Compass Basics – Locating your position accurately using three visibly identifiable features.

If you are not located on a visible linear feature such as a path, stream or ridge, but you need to know your location it’s possible to do this by using three distant visible features which are identifiable on your map.

You can use any visible features that you can identify with certainty on your map – for example, a structure, rock formation, triangulation pillar, summit or similar.

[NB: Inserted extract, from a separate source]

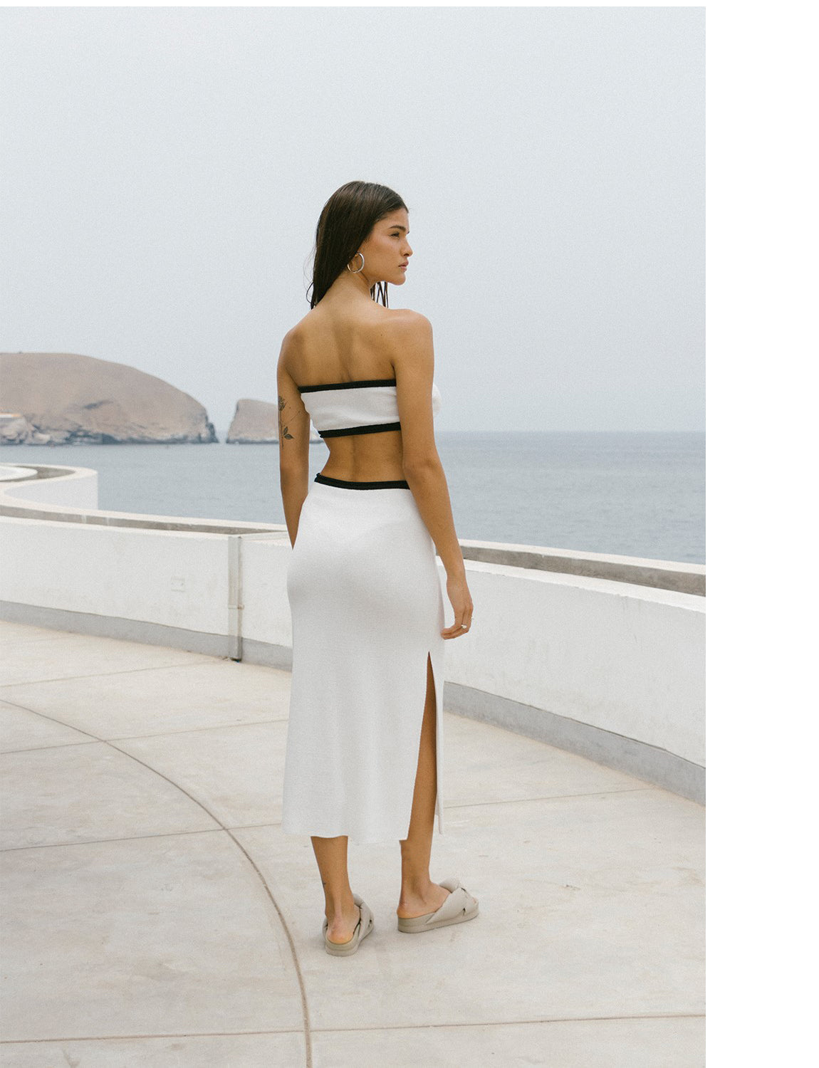 Vestido strapless con escote y abertura en costado de la falda. 3 formas de uso

It is much more helpful if these features are also distant from one another (e.g., one to your left, one to your right, and one straight ahead, or behind you) as this will improve the accuracy of the result.

Here’s how:

  • Once you have located your three identifiable features, point your compass at the first feature and take a bearing.
  • Transfer this bearing back to your map using the method you used to locate yourself along the ridge in this post.
  • Mark a line on your map with a pencil by drawing along the edge of your baseplate.
  • Next, point your compass at the second feature and take a bearing
  • Transfer this bearing back to your map
  • Mark another line from this feature using this new bearing so that it crosses the first line that you marked.
  • Finally, point your compass at the third feature and take the bearing
  • Transfer this bearing back to your map
  • Mark a final line on your map using the third bearing so that it, too, crosses the first line that you marked, it should also cross the second line.
  • The three lines will intersect, usually leaving a small triangle (this is called a witch’s hat)
  • So long as you have taken good care in taking your bearings and transferring them back to your map, your actual location will be inside the witch’s hat. The more accurate your bearings, the smaller the witch’s hat will be. 

The technical term for this method is “resection”.

You can now set about navigating the rest of your journey using the other skills you have learned in our Basics section.